* **Provided data**

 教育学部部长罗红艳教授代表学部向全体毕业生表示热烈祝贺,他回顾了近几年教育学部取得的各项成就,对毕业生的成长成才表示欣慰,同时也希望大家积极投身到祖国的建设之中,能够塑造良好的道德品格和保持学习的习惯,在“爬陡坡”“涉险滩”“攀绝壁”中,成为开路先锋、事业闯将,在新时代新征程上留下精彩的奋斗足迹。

==

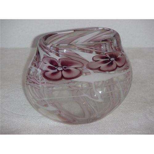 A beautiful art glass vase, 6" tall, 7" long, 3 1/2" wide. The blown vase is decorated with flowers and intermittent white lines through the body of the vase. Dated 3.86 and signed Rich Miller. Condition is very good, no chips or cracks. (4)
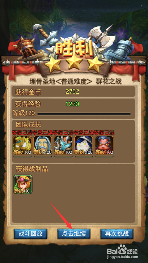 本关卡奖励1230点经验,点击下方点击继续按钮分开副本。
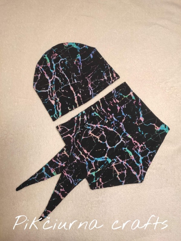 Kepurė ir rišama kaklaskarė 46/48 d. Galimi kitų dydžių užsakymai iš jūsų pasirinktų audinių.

--

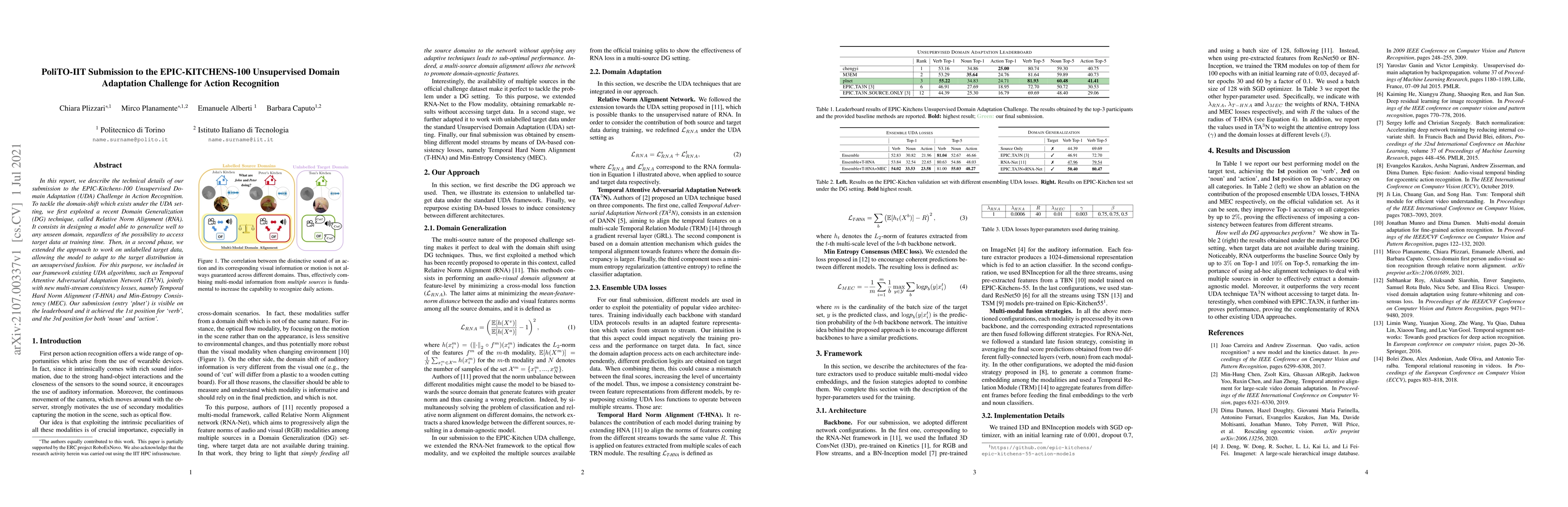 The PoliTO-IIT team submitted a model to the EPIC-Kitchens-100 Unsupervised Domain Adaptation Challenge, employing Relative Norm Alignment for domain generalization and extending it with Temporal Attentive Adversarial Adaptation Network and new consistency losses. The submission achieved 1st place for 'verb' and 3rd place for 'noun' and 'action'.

* **The task**
Since the pictures are not part of the copy, please transcribe only the lines above from the one with "本关卡奖励1230点经验,点击下方点击继续按钮分开副本。" through the one with "Kepurė ir rišama", exactly and with both ends.

* **Exercise output**
 本关卡奖励1230点经验,点击下方点击继续按钮分开副本。
 Kepurė ir rišama kaklaskarė 46/48 d. Galimi kitų dydžių užsakymai iš jūsų pasirinktų audinių.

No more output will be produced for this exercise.